+++ Records for the exercise +++

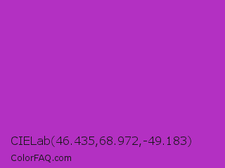 CIELab 46.435,68.972,-49.183 Color is a normal magenta color and the nearest color is Steel Pink #cc33cc. Hex code #b330c2 and RGB value is rgb(179,48,194). In RGB color space, this color is composed of 70% red, 19% green, 76% blue, In CMYK color space, this color is composed of 8% cyan, 75% magenta, 0% yellow , 24% black , In HSL color space, this color has a hue angle of 294° , 60% saturation and 47% lightness.
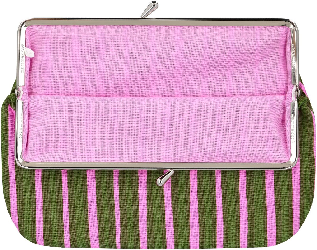 Puolikas kukkaro on valmistettu Piccolo-kuosisesta puuvillakankaasta, joka on painettu Helsingissä. Tilavassa kukkarossa on metallinen kehys, joka on helppo napsauttaa auki ja kiinni. Heti ensimmäisenä Marimekko-vuotenaan 1953 Vuokko Eskolin-Nurmesniemi loi Piccolon, vapain siveltimenvedoin maalatun raitakankaan. Kolme vuotta myöhemmin kauppoihin ja katukuvaan ilmestyi – ilmeisesti pysyvästi – kankaasta tehty paita nimeltään Jokapoika.
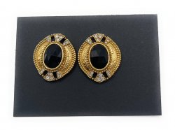 1 1/4 inches long, gold plated with black and clear accents, in excellent like new condition.
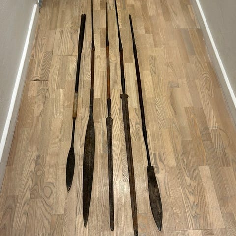 2 delt Masai spyd, nogenlunde stand, og intakt.
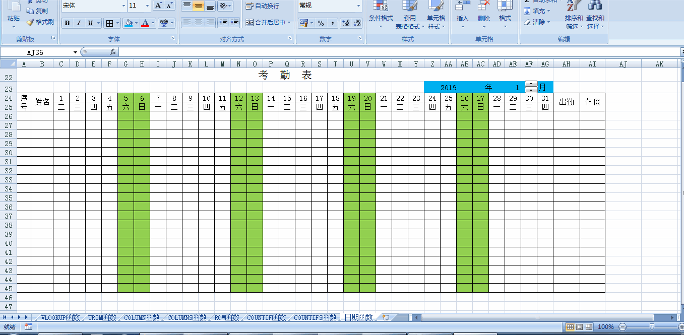 2、自制考勤表自动变化日期表头
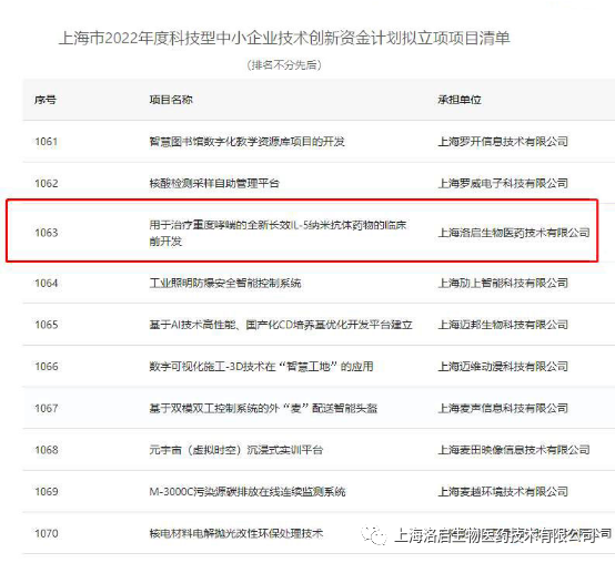 近期,上海市科学技术委员会组织的“上海市2022年度科技型中小企业技术创新资金计划”拟立项项目名单公示完毕,OKPay钱包官网生物“用于治疗重度哮喘的全新长效IL-5纳米抗体药物的临床前开发”项目入围。
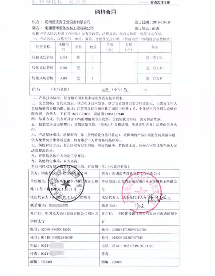 2016年南通通博設(shè)備安裝工程有限公司合作業(yè)績(jī)
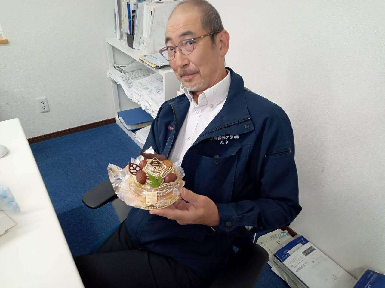 回目のお誕生日でした。専務がケーキを買ってきて事務所でお祝いしました。まだ、東海整熱が小規模(今も?)
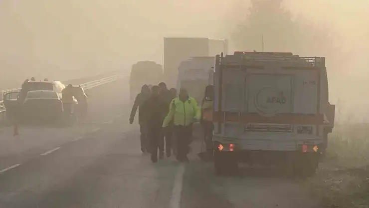 Edirne'de yoğun sis nedeniyle 10 aracın karıştığı zincirleme kazada 5 kişi yaralandı.
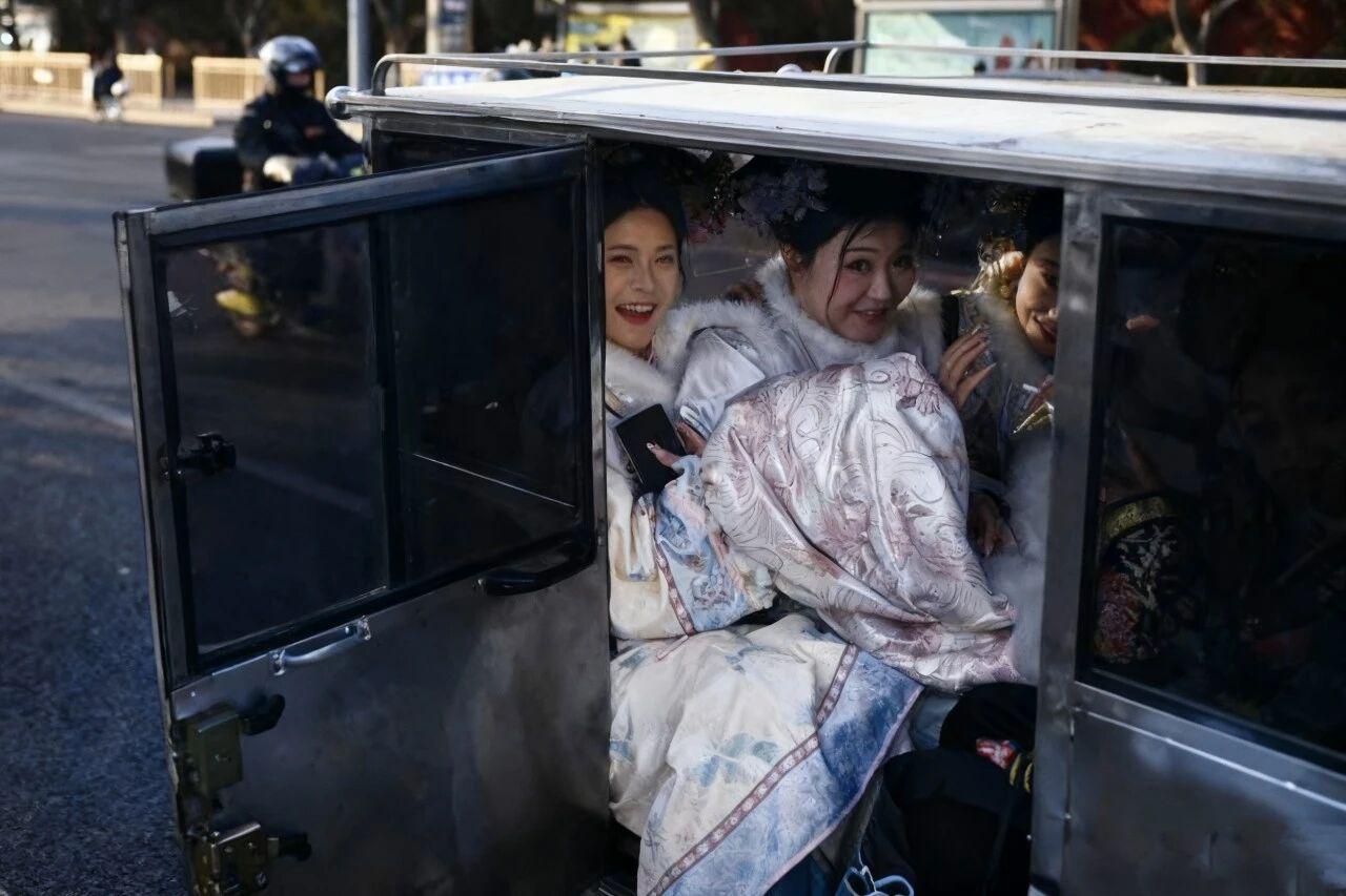 2025年2月19日,北京。一群身穿古代服饰的女子在故宫外乘坐电动三轮车。(图/CFP)
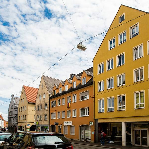 马克西米里安大街是欧洲保存完美、最漂亮的中古时代街道,街道两旁文艺復兴时期特色的四、五层小楼栉比鳞次,富丽堂皇,古色古香。山形墙和门面有浅黄、淡绿、粉红、浅灰及淡褐等各种顏色,再配上红色或深褐色的坡形屋顶,显得色彩明快、古雅大方。
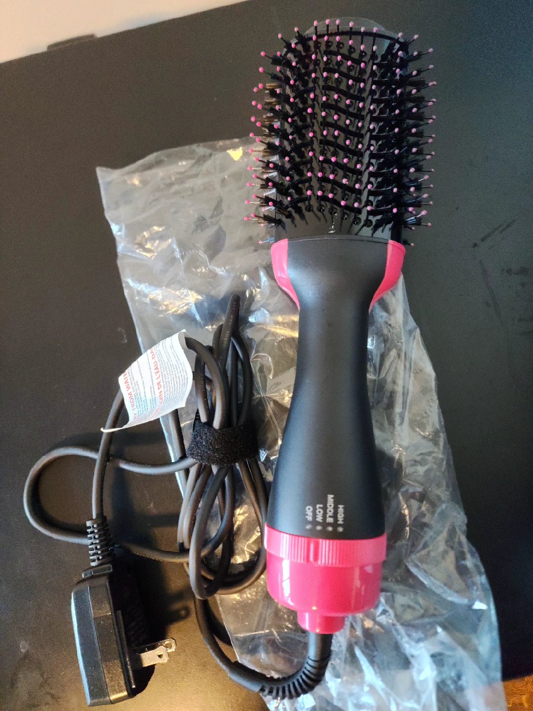Multi-Function Hair Dryer Brush: This hot air brush combines a hair dryer, straightener, and curler in one tool. It dries, smooths, and adds volume or curls simultaneously, making it easy to create salon-quality styles at home. Damage Protection with Negative Ions: Infused with negative ion technology, this hair dryer brush emits millions of ions to break down water molecules quickly, reducing drying time, frizz, and static. Leaves hair smooth, shiny, and healthy-looking. 3 Heat & Speed Settings: Features three adjustable temperature settings (High, Medium, Low) to suit different hair types and styling preferences. The rotary switch at the base allows easy and intuitive control while in use. Tangle-Free 360° Swivel Cord: Designed with a flexible, 360° rotating power cord that resists tangling and increases maneuverability. The ergonomic handle ensures a comfortable, secure grip during use. Advanced Safety Features: Equipped with an ALCI safety plug that automatically cuts power in the event of an electrical fault, providing added protection. This product is backed by a 1-year manufacturer's warranty for worry-free use.
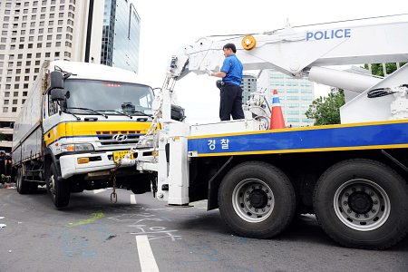 4시 30분 경 경찰 300여 명이 서울광장과 대한문 사이의 도로를 점거하고 견인차량을 동원해 음향과 방송차를 견인하려고 했다.
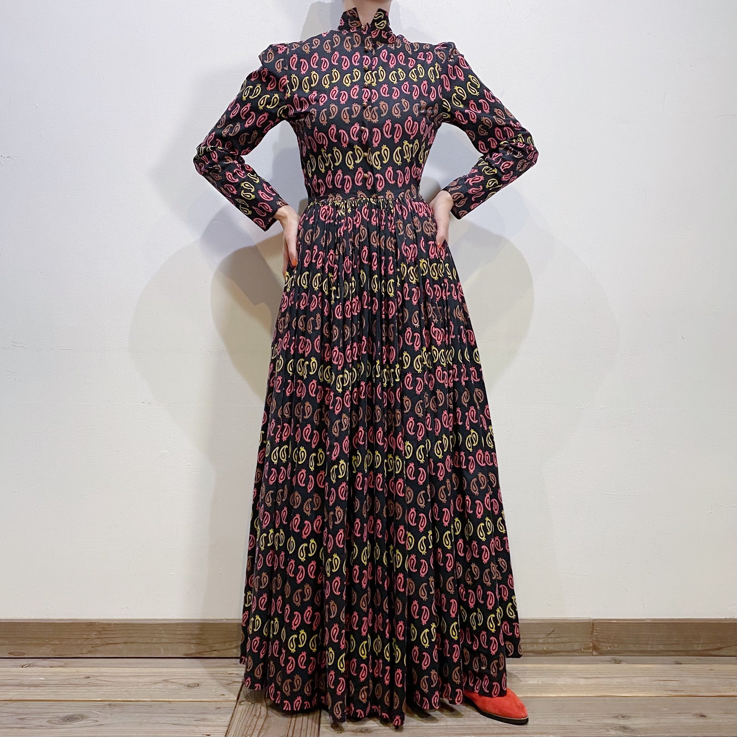ブラックベースにペイズリー柄が可愛い、50年代のワンピースです。

+++

What you will do
Exact copy, no pictures. Write out the lines in the entries above, starting with the line with "2025年2月19日,北京。" and going on through the line with "马克西米里安大街是欧洲保存完", keeping both.

Task output
 2025年2月19日,北京。一群身穿古代服饰的女子在故宫外乘坐电动三轮车。(图/CFP)
 马克西米里安大街是欧洲保存完美、最漂亮的中古时代街道,街道两旁文艺復兴时期特色的四、五层小楼栉比鳞次,富丽堂皇,古色古香。山形墙和门面有浅黄、淡绿、粉红、浅灰及淡褐等各种顏色,再配上红色或深褐色的坡形屋顶,显得色彩明快、古雅大方。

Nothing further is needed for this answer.